WHAT THE TASK REQUIRES:
Beginning with the line that has "нажимаем на него." and ending with the line that has "In this March", retype the entries below exactly, except for the pictures.

LISTED RECORDS:
⟨

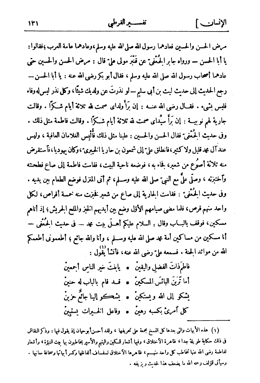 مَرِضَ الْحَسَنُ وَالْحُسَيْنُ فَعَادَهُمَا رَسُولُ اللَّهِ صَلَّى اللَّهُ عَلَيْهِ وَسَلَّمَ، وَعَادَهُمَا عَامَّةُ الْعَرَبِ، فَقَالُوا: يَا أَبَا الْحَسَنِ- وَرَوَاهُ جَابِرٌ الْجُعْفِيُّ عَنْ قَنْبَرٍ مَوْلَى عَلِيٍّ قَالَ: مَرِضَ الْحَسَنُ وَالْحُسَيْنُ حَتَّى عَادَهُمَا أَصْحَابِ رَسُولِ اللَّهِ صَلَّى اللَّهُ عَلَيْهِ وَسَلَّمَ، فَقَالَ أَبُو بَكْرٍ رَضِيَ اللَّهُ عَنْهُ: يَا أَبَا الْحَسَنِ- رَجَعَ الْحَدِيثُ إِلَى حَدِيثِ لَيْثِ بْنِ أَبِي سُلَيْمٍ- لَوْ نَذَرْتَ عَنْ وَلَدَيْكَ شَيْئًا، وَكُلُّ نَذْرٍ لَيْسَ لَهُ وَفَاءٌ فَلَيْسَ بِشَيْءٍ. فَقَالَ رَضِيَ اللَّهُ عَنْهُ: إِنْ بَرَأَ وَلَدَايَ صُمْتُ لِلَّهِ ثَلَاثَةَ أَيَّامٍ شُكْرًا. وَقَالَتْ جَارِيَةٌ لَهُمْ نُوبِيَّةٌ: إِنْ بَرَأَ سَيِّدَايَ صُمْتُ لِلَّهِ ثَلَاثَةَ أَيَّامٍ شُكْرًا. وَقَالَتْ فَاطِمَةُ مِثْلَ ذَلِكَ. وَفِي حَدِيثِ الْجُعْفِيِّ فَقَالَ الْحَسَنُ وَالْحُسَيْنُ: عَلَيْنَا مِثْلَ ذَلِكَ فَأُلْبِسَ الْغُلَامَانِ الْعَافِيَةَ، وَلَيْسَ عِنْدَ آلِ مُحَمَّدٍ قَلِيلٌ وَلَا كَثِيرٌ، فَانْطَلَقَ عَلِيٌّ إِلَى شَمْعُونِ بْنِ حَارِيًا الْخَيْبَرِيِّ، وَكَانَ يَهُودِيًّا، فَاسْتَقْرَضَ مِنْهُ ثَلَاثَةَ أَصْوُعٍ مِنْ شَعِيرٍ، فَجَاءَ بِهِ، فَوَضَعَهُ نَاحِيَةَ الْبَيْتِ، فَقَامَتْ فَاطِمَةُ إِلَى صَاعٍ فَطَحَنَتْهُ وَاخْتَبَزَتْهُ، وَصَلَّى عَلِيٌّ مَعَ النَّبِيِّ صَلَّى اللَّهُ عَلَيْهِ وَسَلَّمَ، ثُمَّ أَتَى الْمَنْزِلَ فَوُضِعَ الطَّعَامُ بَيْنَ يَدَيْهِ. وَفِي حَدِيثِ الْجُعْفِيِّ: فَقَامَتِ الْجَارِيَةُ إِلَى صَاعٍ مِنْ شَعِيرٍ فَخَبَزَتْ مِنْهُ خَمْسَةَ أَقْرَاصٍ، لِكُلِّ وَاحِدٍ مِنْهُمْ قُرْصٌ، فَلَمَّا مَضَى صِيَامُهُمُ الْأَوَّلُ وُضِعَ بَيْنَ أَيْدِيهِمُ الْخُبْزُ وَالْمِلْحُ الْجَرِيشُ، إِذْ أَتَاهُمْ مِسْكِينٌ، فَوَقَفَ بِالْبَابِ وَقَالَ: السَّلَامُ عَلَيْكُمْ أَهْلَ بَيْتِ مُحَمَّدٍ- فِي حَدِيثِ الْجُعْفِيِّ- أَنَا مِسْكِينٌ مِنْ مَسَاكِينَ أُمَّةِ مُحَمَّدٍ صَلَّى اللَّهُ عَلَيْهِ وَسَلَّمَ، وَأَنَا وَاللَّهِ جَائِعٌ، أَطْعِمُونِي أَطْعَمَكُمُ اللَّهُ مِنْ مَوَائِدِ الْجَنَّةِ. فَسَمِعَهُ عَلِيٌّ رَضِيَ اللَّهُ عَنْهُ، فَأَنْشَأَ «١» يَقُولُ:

⟩
⟨

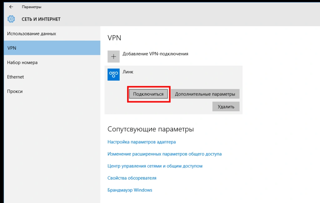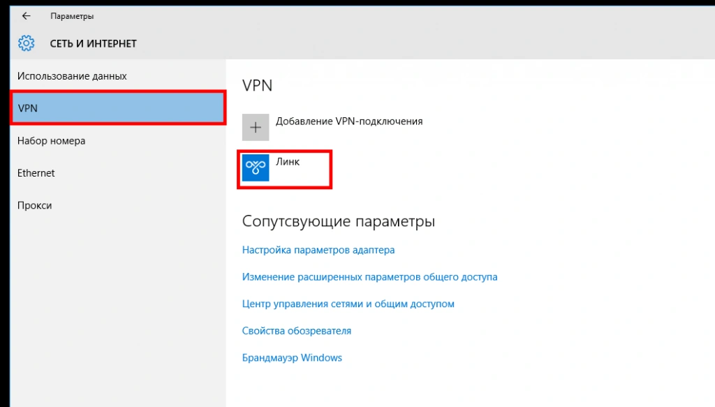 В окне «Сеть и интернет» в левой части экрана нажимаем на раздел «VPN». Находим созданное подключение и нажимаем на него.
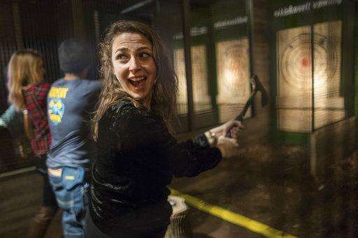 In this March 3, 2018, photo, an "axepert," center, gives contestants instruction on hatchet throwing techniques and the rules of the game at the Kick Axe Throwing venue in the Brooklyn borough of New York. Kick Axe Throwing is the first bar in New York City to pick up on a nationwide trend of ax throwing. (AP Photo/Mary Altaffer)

⟩

ANSWER TO THIS TASK:
 В окне «Сеть и интернет» в левой части экрана нажимаем на раздел «VPN». Находим созданное подключение и нажимаем на него.
 In this March 3, 2018, photo, an "axepert," center, gives contestants instruction on hatchet throwing techniques and the rules of the game at the Kick Axe Throwing venue in the Brooklyn borough of New York. Kick Axe Throwing is the first bar in New York City to pick up on a nationwide trend of ax throwing. (AP Photo/Mary Altaffer)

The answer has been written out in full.